On the Fermi Liquid to Polaron Crossover II: Double Exchange and the Physics of "Colossal" Magnetoresistance
A. J. Millis, R. Mueller, Boris I. Shraiman

TL;DR
This paper employs dynamical mean field theory to analyze a model capturing the key physics of colossal magnetoresistance manganites, focusing on electron-lattice interactions, magnetism, and transport properties.
Contribution
It introduces a comprehensive model combining Jahn-Teller coupling, classical oscillators, and ferromagnetic interactions to explain colossal magnetoresistance phenomena.
Findings
Identifies regimes of electron localization and delocalization.
Provides temperature and frequency-dependent conductivity data.

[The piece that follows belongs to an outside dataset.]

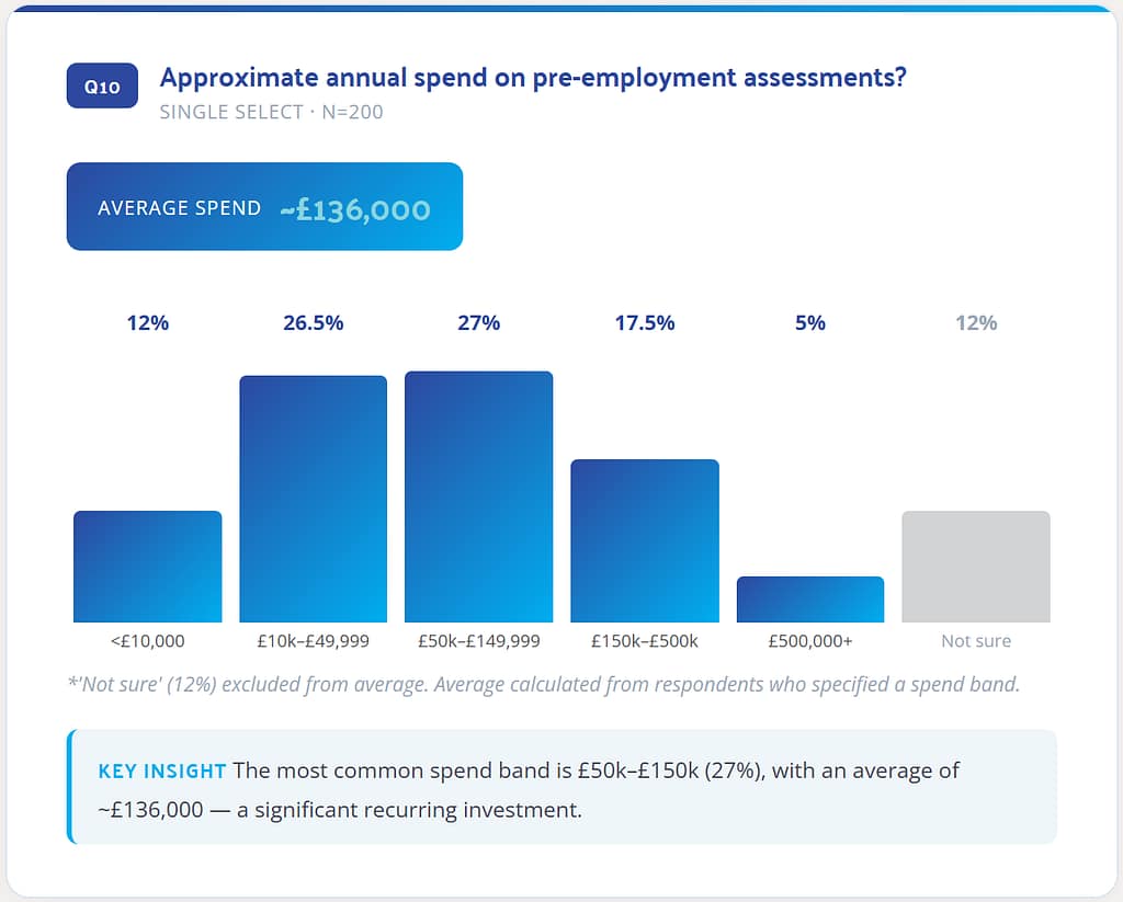 Pre-hire assessments are no longer a minor administrative expense. They are a core operational line item. According to our latest data, the average organisation spends approximately £136,000 annually on pre-employment assessments.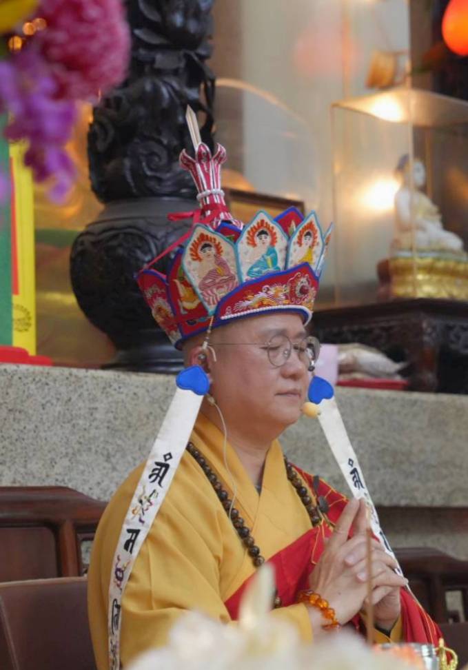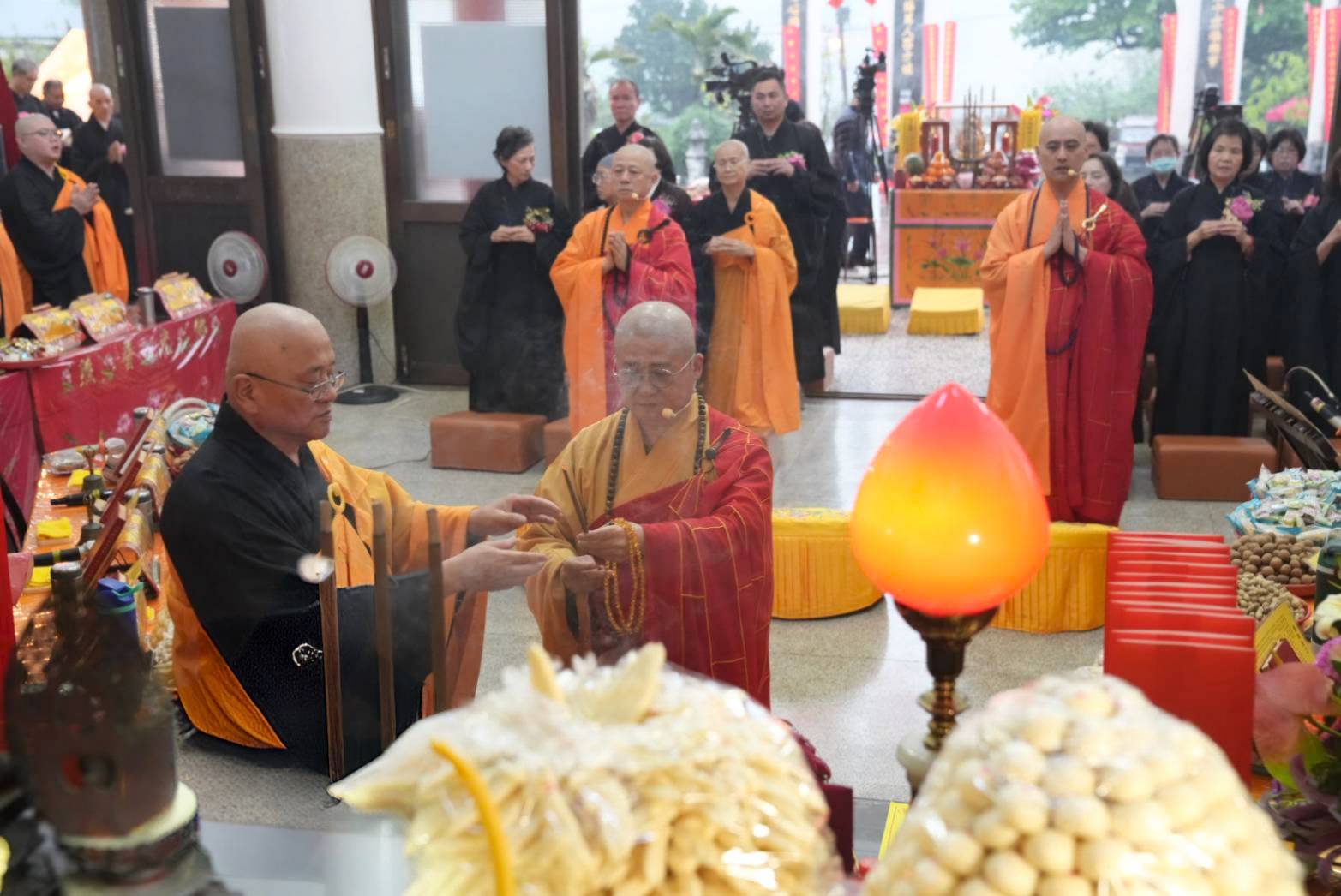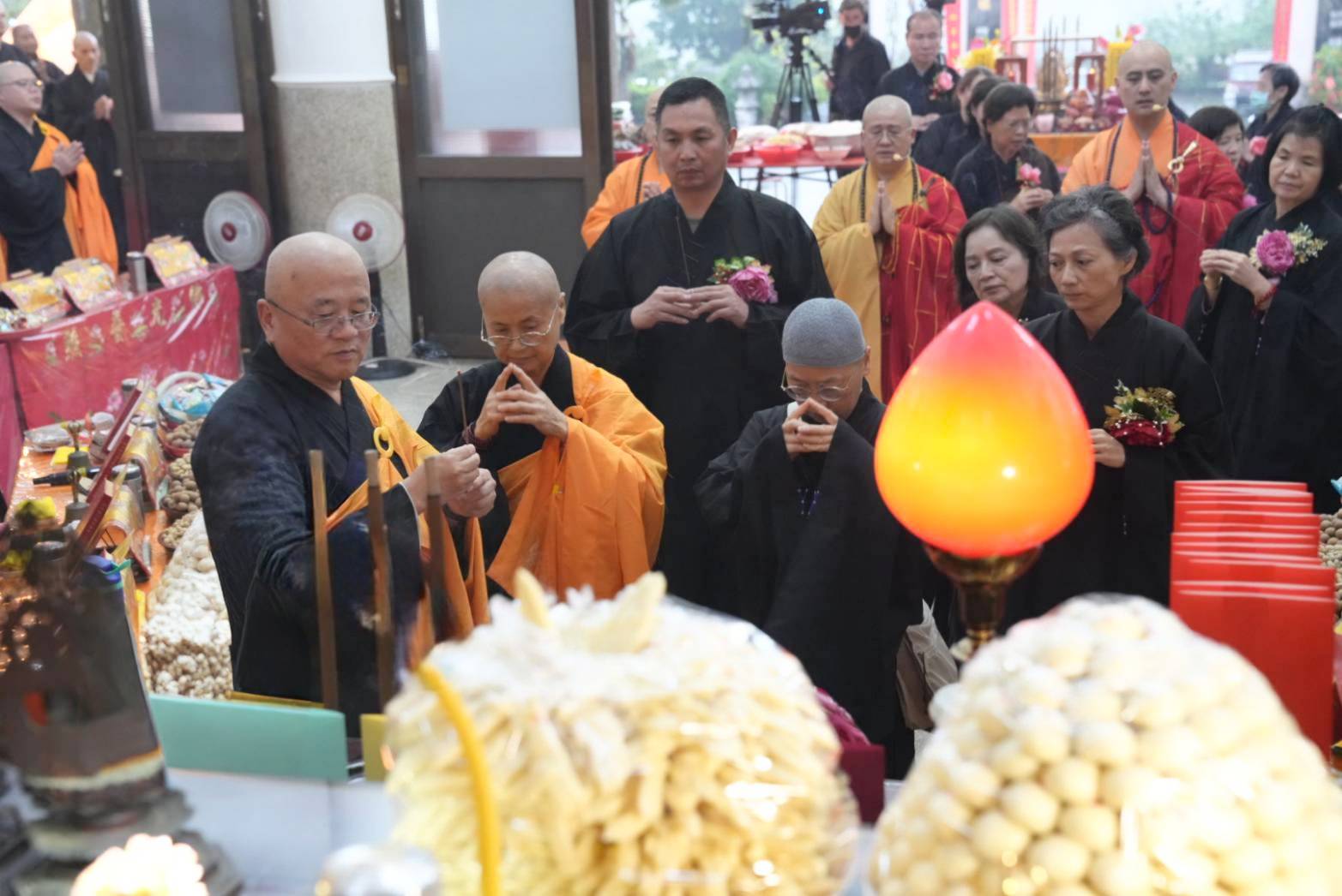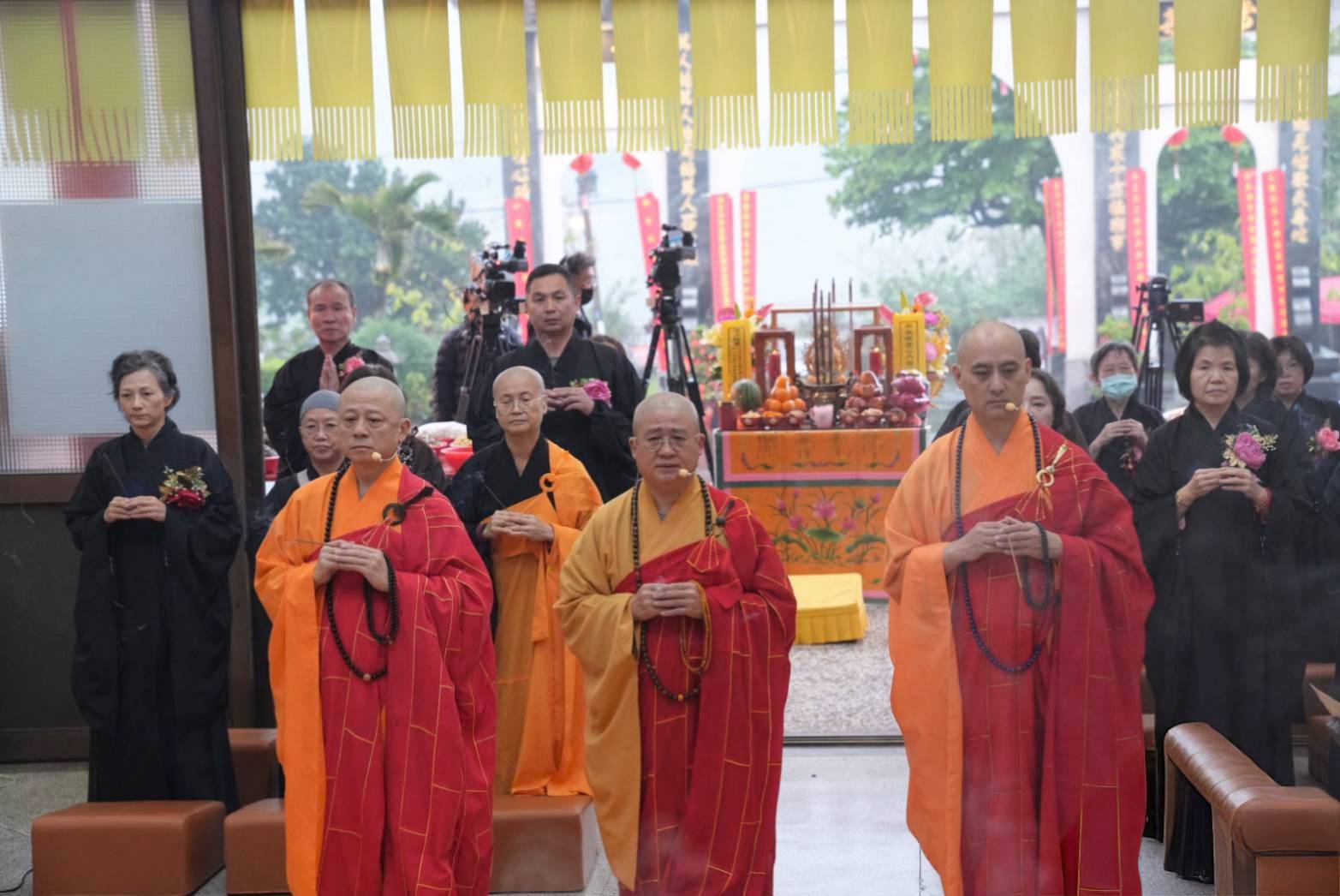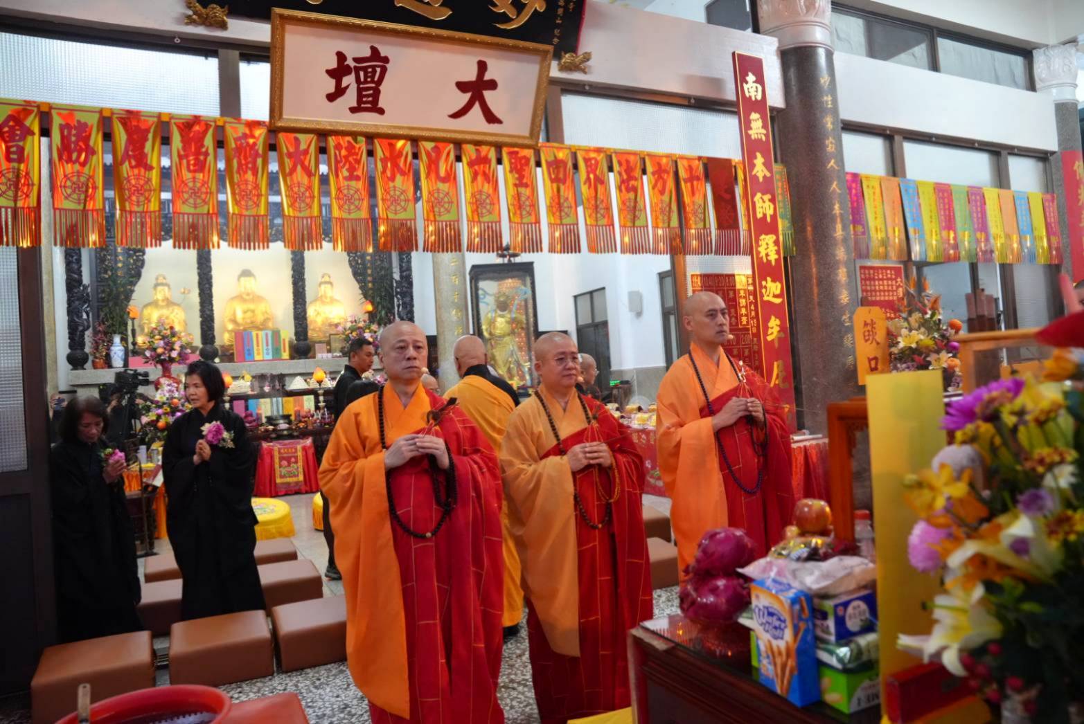 香燈引領上傳下敦師父跟齋主到法堂恭請三位和尚

Shows qualitative agreement with experimental manganite data.
Abstract
We use the dynamical mean field method to study a model of electrons Jahn-Teller coupled to localized classical oscillators and ferromagnetically coupled to ``core spins'', which, we argue, contains the essential physics of the ``colossal magnetoresistance'' manganites . We determine the different regimes of the model and present results for the temperature and frequency dependence of the conductivity, the electron spectral function and the root mean square lattice parameter fluctuations. We compare our results to data, and give a qualitative discussion of important physics not included in the calculation. Extensive use is made of results from a companion paper titled: ``On the Fermi Liquid to Polaron Crossover I: General Results''.